Angel Magnussen of Hugginz By Angel in Port Alberni is a busy woman these days.

Magnussen has been named in the Top 10 for Roots Search for Canada’s Nicest Person. She is also in the running for a $50,000 Island Savings Community Grant from the online website Volinspire, which would help her keep her charity running for at least the next couple of years.

Magnussen sews blankets for sick kids around the world from her Hugginz studio in Port Alberni. Her mother, Cheryl, estimates Angel has sewn “well over 1,200 blankets” in the four and a half years since Hugginz began.

Hugginz started when Angel, who lives with Down Syndrome and a host of health concerns, wanted to make something for kids who were sick in hospital. She herself has spent months of her life in hospital, and told Cheryl “kids need warm hugs to help them get better.”

“We started giving kids a choice between pyjamas and blankets, and they all wanted blankets,” said Cheryl, who admits she was skeptical that kids really needed the blankets at first. That was before Angel insisted, and before stories came flooding in about how the blankets are helping children and families.

“It’s their ‘be brave’ blanket. they know they are loved and it helps them feel safe,” says Cheryl. Angel puts love into every blanket she sews by hugging it once it’s finished.

“We’ve had quite a few palliative kids and when they’re passing away, their families put their love in their blankets,” Cheryl said.

One little boy’s family wrapped him in his Hugginz blanket as he passed away. Another little girl wore her first blanket out during chemotherapy treatments, so Angel made her another one, which was handed down to the girl’s siblings when she passed away. Another boy, who has autism, wears his like a cape to school so he feels safe.

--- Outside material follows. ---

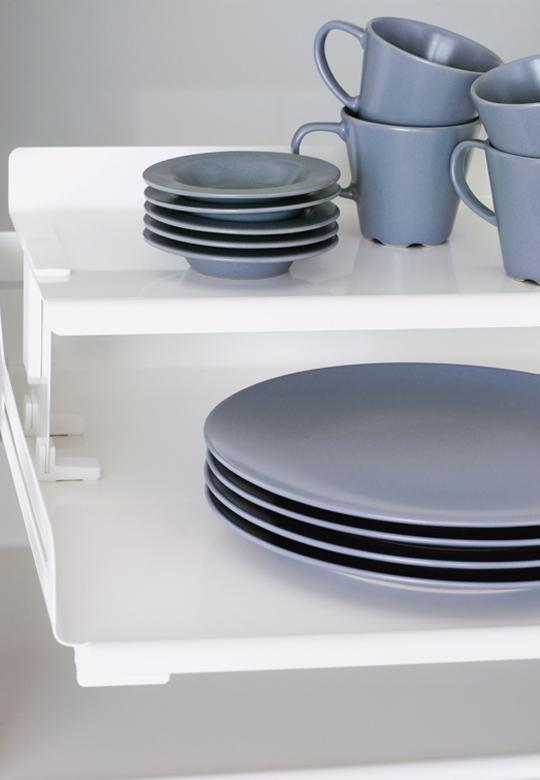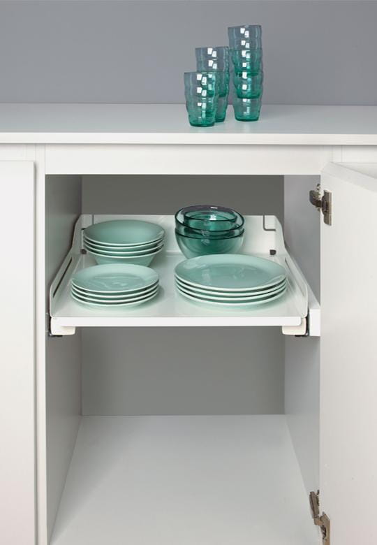 Mamy do zaoferowania półkę Extendo Libell jako świetną alternatywę dla tradycyjnych na stało zamontowanych półek i klasycznych szuflad. Nasze półki nadają się do wnętrza kuchennych szafek wysokich i niskich, montowanych po kilka półek w jednej przestrzeni, ale również jako pojedyncza półka, rewelacyjnie dopasowując się do każdej kuchennej spiżarni czy skrytki, szafy garderobianej i gospodarczej. Półki Extendo pasują do standardowych drzwi skrzydłowych montowanych na zwykłych zawiasach.

“It’s absolutely incredible to hear from families about how important the blankets are when their kids are passing away,” Cheryl said, tears filling her eyes. “I didn’t see the validity in it when Angel first started.”

Hearing stories from families about how the blanket affects their children “blows me away. I was wrong. Who should know more about what sick kids need than someone who has been there?”

They don’t charge families for the blankets. “It costs a lot of money when you have a child who is back and forth to the hospital all the time,” Cheryl said. “You’re paying so much in medical and travel expenses that there’s no way we want to charge families. We want to help families.”

Until January, when Hugginz By Angel became a registered charity, Magnussen’s organization relied strictly on donations—of cash, fabric and equipment. The Magnussens entered Angel in contests too: she was most recently winner of the national Post Search for Goodness contest last August, and won $10,000 to put toward her charity. It helped immensely in keeping Hugginz running, but it also thrust them into a catch-22, Cheryl said: the individual donations stopped coming, as people thought they were in good shape.

With cotton batting costing $650 a month, and postage to send the blankets away high too, the $10,000 was quickly absorbed.

”We were at a point I was really worried we would have to close the door. There’s only so long we could go on without donations or public funding,” Cheryl said.

Becoming a registered charity allows Hugginz to issue tax receipts for any donation above $10, and also allows them to apply for grants such as the Island Savings grant.

“This would carry us for one, maybe two years. It would allow (Angel) to continue to pump out 10 blankets a week.”

Requests for Angels’ blankets come from families around the world. As soon as a batch of blankets go out in the mail, the Hugginz in-box fills up with more requests, Cheryl said.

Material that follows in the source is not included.